50% will be lavender, the rest will be lavender carriers. The white pullet probably has Dominant White. DW is not a color, it basically is a gene that stops whatever colors/genes the bird has from showing up visibly. It works way better at blocking black pigments than red/gold pigments though(red pyles are red duckwings with dominant white, for example). Long way of saying that you are supposed to get 50% lavender chicks, but some of that percentage will be "hidden" in solid lavender** chicks that got the dominant white gene(these will look solid white) so the % of lav chicks will seem lower. Also in theory you might get some interesting colored chicks- for example if the chick is going to be a brown patterned EE, but it also happened to be pure lavender(which dilutes all colors to a soft shade) plus one dose dominant white- that potentially would make a multi-colored in pastels(lavender, straw/blond, white) bird.
For LF lavenders, would recommend breeding L'K with LF hens again and keep a cockerel at least(maybe some pullets too).. this cockerel will throw both bantam and almost full LF sizes in both sexes.
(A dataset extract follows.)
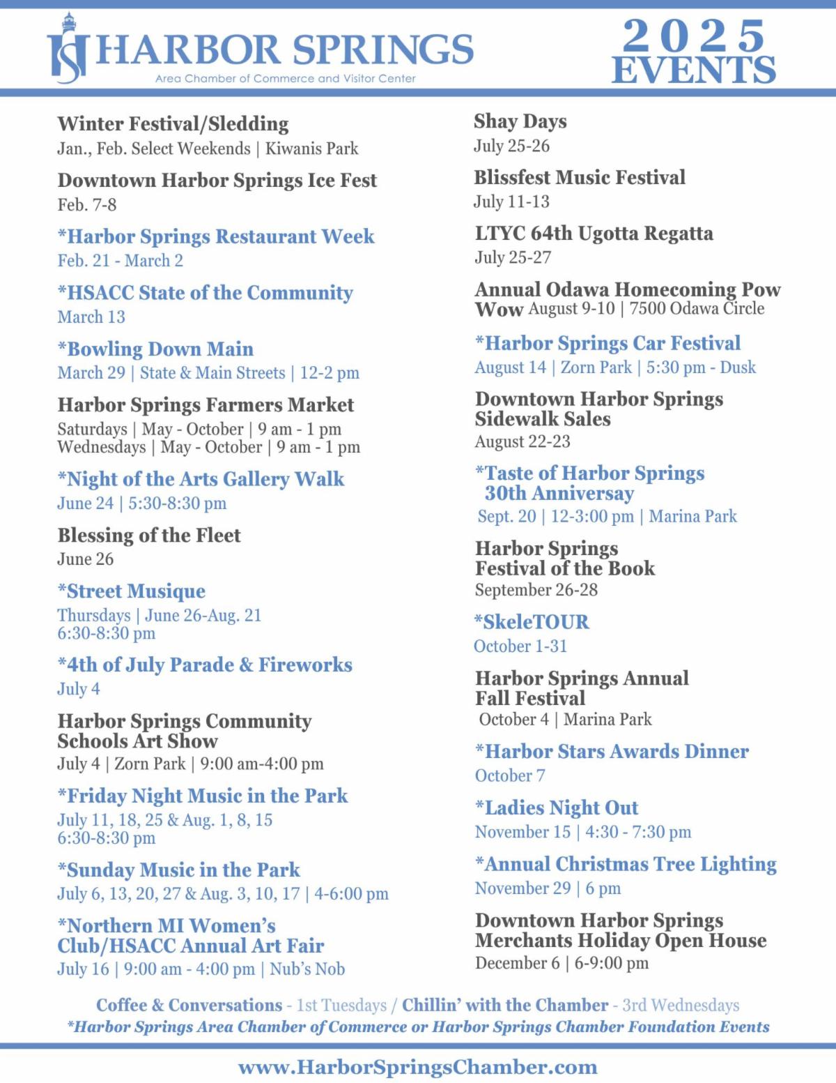Membership in the Harbor Springs Area Chamber is open to all businesses, organizations, and individuals. Information presented in the chamber newsletter does not necessarily reflect the views or opinions of the chamber or its membership. It is provided here as information only, as submitted by member businesses and organizations. Chamber member benefits | Member application | Call 231-526-7999.

Bantam bred with bantam cross tend to throw mostly bantam to medium size birds, a few can get reasonably sized but not quite full LF size. Bantam cross bred with LF throw the full range from smallish to LF sizes. Tricky part is getting lavender again... perhaps adding a LF lavender EE or Ameraucana hen will help with your goal? Or have the white EE cross "visit" a LF lavender roo? Her eggs would be fertile for 2-3 weeks afterwards.. would get some LF chicks, hopefully some of them would be lavender pullets also.. 50% NN 50% not.. If you like crazy color variety, a roo that is lavender but not solid- such as porcelain(which is just the mille fleur color with lavender added) or the like would be excellent choice for that pullet.
** solid lavenders are actually solid black chickens, with lavender added. That is why a solid lavender that happens to get dominant white will turn out solid white- it's the "solid black" DW is covering up.